Have your meat and veggies too! Make this delicious prosciutto asparagus stuffed chicken breast on the grill for a yummy, summer.
It’s crazy to think that just a few years ago I had NO IDEA how to use a grill. I think I was more intimidated to actually light the thing than to use it. I always thought I was going to light it wrong and blow something up (don’t laugh at me). Turns out, most grills are really easy to light and they work very similarly to an oven, but leave beautiful grill marks and delicious flavor.
Girls. Grills aren’t just for guys. #justsaying #itstrue
So- take one of these recipes and get grilling! Us ladies did it and you can too!
Honey Grilled Bananas with Mocha Chocolate Sauce from Lexi’s Clean Kitchen
The perfect healthier Summer dessert! If you’ve never grilled bananas, you need to start with these! Lightly sweetened and topped with a flavorful chocolate sauce for the perfect grilled treat.
Grilled BBQ Short Ribs from Running to the Kitchen
These grilled BBQ short ribs are covered in a smokey dry rub with an optional BBQ sauce slathered on at the end. They’re cooked low and slow on the grill for a tender meaty summer dinner and served with a fresh grilled pineapple salsa.

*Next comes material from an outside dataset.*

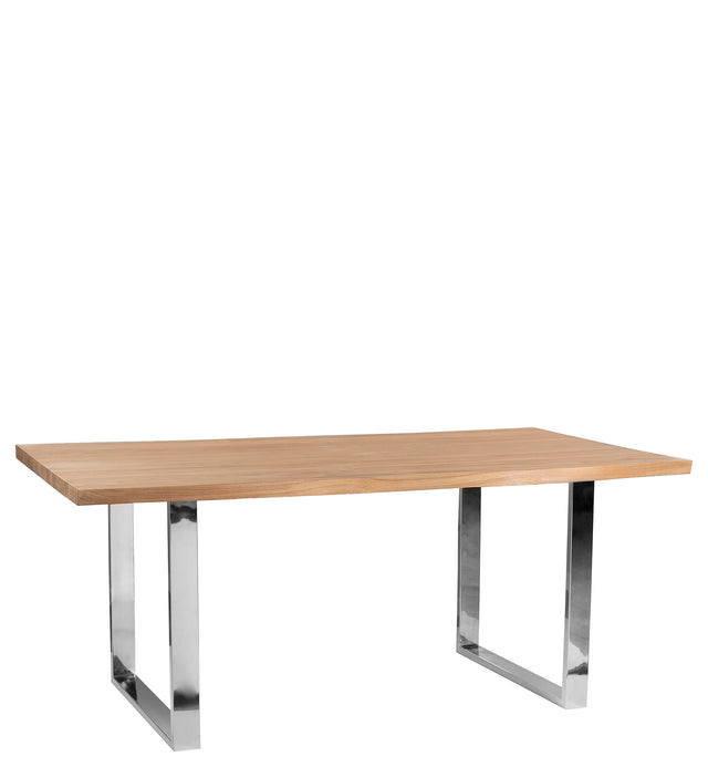 Die naturbelassene, geschwungene Form der Vollholz-Tischplatte steht in einem spannungsvollen Kontrast zu den in den Fußfronten eingelassenen Details aus hochwertigem Edelstahl.
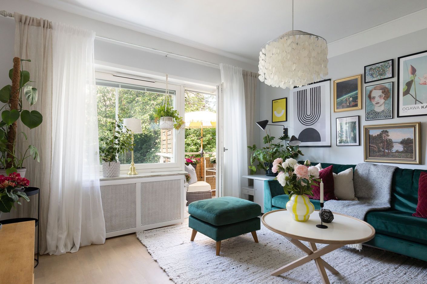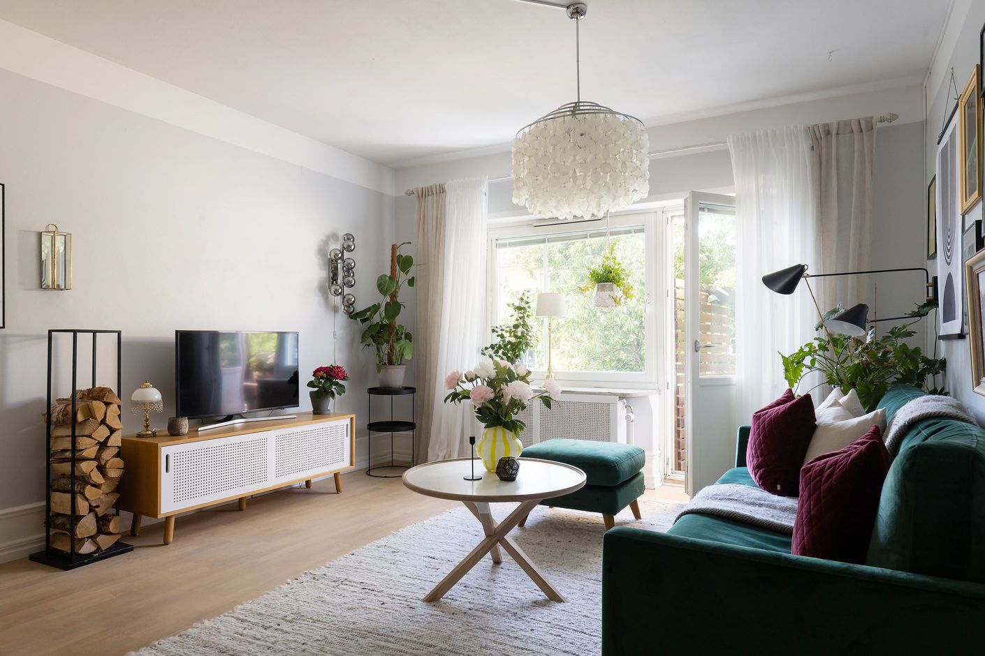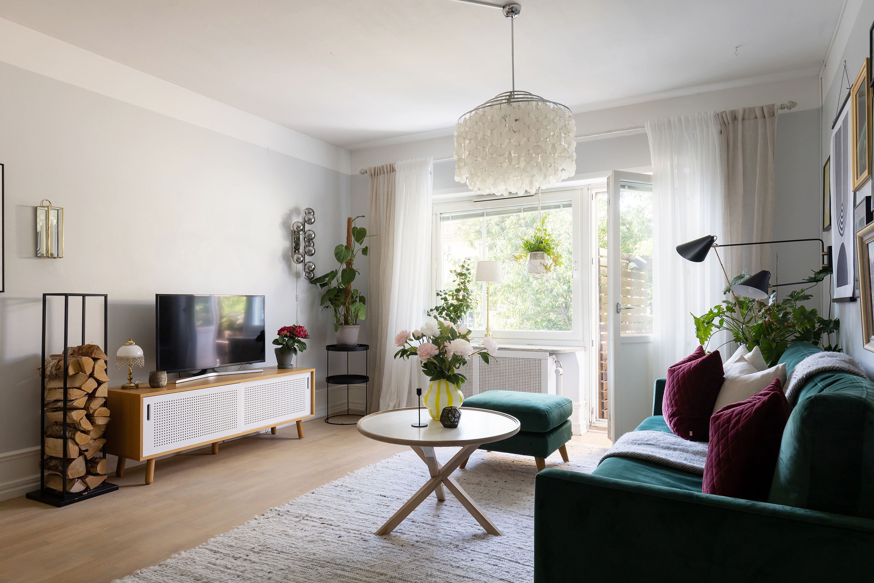 Vardagsrummet är rymligt och bjuder in till möblering med soffa, fåtölj och soffbord samt media-möbel men här finns även yta för matplats eller ytterligare möblemang allt efter egen smak och behov. I vardagsrummet finner man en murad öppen spis som både blir en trivsam inredningsdetalj och skänker mysig värme under årets kallare månader. Ett stort fönster och glasinfattad balkongdörr låter rikligt med naturligt ljus flöda fritt genom rummet. Vardagsrummet är även berikat med fina detaljer som trägolv, höga golvsocklar och vackra fönsterbänkar som berikar rummets attribut. Från vardagsrummet når man den möblerbara balkongen i sydväst med sol hela dagen och mot lummig grönska. Balkongen blir en naturlig förlängning av vardagsrummet under årets lite varmare månader.

Grilled Kale Salad with Lemon Vinaigrette from The Healthy Maven
Who says you can’t grill salad too?! Try this delicious and summery recipe for Grilled Kale Salad with Lemon Vinaigrette! Topped with peaches, shallots and toasted hazelnuts, you will never go back to regular old kale.
Grilled Lemon Pepper Shrimp Skewers from Eating Bird Food
Zesty, light and quick to cook, these shrimp skewers are a grilling favorite. Pair them with grilled veggies or serve over a fresh salad for a crowd-pleasing summertime meal.
Grilled Chocolate Cherry Almond Crisp from Food Faith Fitness
This isn’t your traditional cherry crisp! It’s easy, paleo-friendly and made on the grill! A fun, smokey-sweet dessert for summer that’s made a little healthier!
I am of course, super excited about this stuffed chicken recipe because this recipe is a meal in itself. We’ve got 2 types of meat involved, a vegetable, lots of flavor, and cheese (if you want!).
For this recipe, I highly suggest purchasing a meat tenderizer. I got mine from target for less than $10 and I’ve used it a few times now! It’s a great tool to have and really makes stuffed chicken a lot easier. The reason you need it is because pounding the chicken down to 1/2 inch to an inch will ensure it will cook evenly and makes it easier to stuff and tie off!
I ended up topping my chicken with a delicious sun dried tomato puree I made by food processing sun dried tomatoes, balsamic vinegar, salt, and EVOO. Easy peasy and so delish. To make things even easier, you can buy jar of pureed sun dried tomatoes at the store, which is equally as good!
- 3 medium-size organic chicken breasts
- 6 pieces of Prosciutto, thinly sliced
- 12-15 asparagus stalks
- 3 tablespoons + 3 tablespoons fresh parmesan cheese, grated (divided)
- salt and pepper, to taste
- ~1 teaspoon garlic powder
- First, preheat grill to 400ºF.
- Then, prepare chicken breasts by laying them flat on a cutting board. Then, using a meat tenderizer, pound until the chicken flattens out and is the same thickness all around (~1/2 to 1 inch).
- Next, season chicken breast with salt and pepper to taste along with some garlic powder.
- Stuff each chicken breast with about 2 slices of Prosciutto, 5 asparagus stalks, and a tablespoon on fresh parmesan cheese.
- Then, place chicken on the grill and let cook for about 7-8 minutes on each side before flipping. Flip and cook for another 7-8 minutes or until chicken is completely cooked all the way through.
- Top chicken breast with sun dried tomato paste and another tablespoon of grated parmesan cheese.